Job Description
Location: Sunnyvale, California, USA
Team: Next Gen Commerce
Overview
Walmart’s Next Gen Commerce team is building the future of conversational shopping through intelligent AI agents that can reason, recommend, and proactively assist customers.
As a Principal Data Scientist for Quality & LLM Judging Systems, you will serve as the technical leader responsible for defining and measuring the success of conversational AI systems. You will design advanced evaluation architectures that combine LLM-as-a-judge frameworks, human benchmarks, and automated pipelines to drive model improvement and safe deployment.
This is a high-impact, hands-on leadership role partnering with engineering and product teams to convert subjective quality goals into measurable, actionable metrics.
Key Responsibilities
Evaluation Architecture
- Design and implement state-of-the-art evaluation pipelines for conversational AI agents.
- Develop hybrid scoring frameworks combining automated metrics, LLM judges, and human evaluation.
Prompt Engineering & Calibration
- Create high-precision prompts for evaluator models.
- Validate outputs against human judgment to ensure reliability and consistency.
Model Optimization & Distillation
- Fine-tune smaller, cost-efficient models to act as scalable judge systems.
- Optimize trade-offs between accuracy, latency, and cost.
Dataset Development
- Curate “Golden Set” datasets from large-scale conversation logs.
- Define annotation guidelines and ground truth standards for subjective evaluation tasks.
Engineering Integration
- Integrate quality metrics into CI/CD pipelines for automated testing and monitoring.
- Collaborate with engineering teams on production deployment and scalability.
Failure Analysis & Continuous Improvement
- Analyze failure modes such as hallucinations, tool misuse, and safety violations.
- Build feedback loops to improve modeling performance across teams.
Strategic Leadership
- Mentor senior data scientists and standardize evaluation best practices.
- Influence modeling priorities across cross-functional teams through data-driven insights.
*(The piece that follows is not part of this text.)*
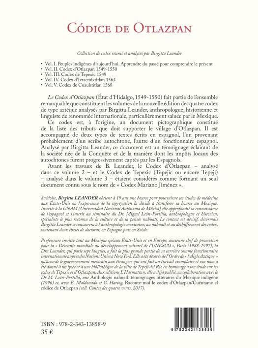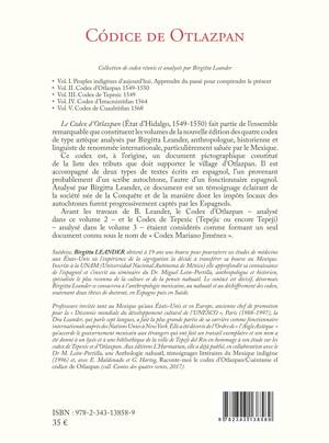 Ce codex est à l'origine un document pictographique constitué de la liste des tributs que doit supporter le village d'Otlazpan. Il est accompagné de deux types de textes écrits en espagnol, l'un provenant probablement d'un scribe autochtone, l'autre d'un fonctionnaire espagnol. Il s'agit d'un témoignage éclairant de la société née de la Conquête et de la misère dont les impôts locaux des autochtones furent progressivement captés par les Espagnols. (ouvrage rédigé en espagnol)

- Contribute to patents, publications, or conference presentations.
Minimum Qualifications
- Master’s or PhD in Computer Science, Statistics, Mathematics, Computational Linguistics, or related field.
- 7+ years of experience in data science or machine learning with focus on NLP or deep learning.
- Deep expertise in large language models (LLMs), prompt engineering, and instruction tuning.
- Strong Python skills with libraries such as NumPy, Pandas, PyTorch, and Scikit-learn.
- Experience designing evaluation metrics for non-deterministic AI outputs.
- Knowledge of scalable data pipelines and distributed ML systems.
Preferred Qualifications
- PhD in Machine Learning, NLP, or related field.
- Experience with conversational AI, RAG systems, chatbots, or recommendation evaluation.
- Familiarity with LoRA, parameter-efficient fine-tuning, or model distillation techniques.
- Experience evaluating subjective or open-ended outputs.
- Publications, patents, or open-source contributions in AI/LLM evaluation.
Compensation & Benefits
- Salary Range: $143,000 – $286,000 annually
- Performance bonuses and stock opportunities.
- Comprehensive medical, dental, and vision insurance.
- 401(k) with company match.
- Paid time off, parental leave, and disability coverage.
- Education benefits through Walmart’s Live Better U program.
- Employee discounts and additional financial wellness benefits.
Why This Role is Unique
This position sits at the intersection of:
- Generative AI research
- Production ML systems
- Conversational commerce innovation
- AI safety and evaluation science
You will directly shape how millions of customers interact with AI-powered shopping experiences.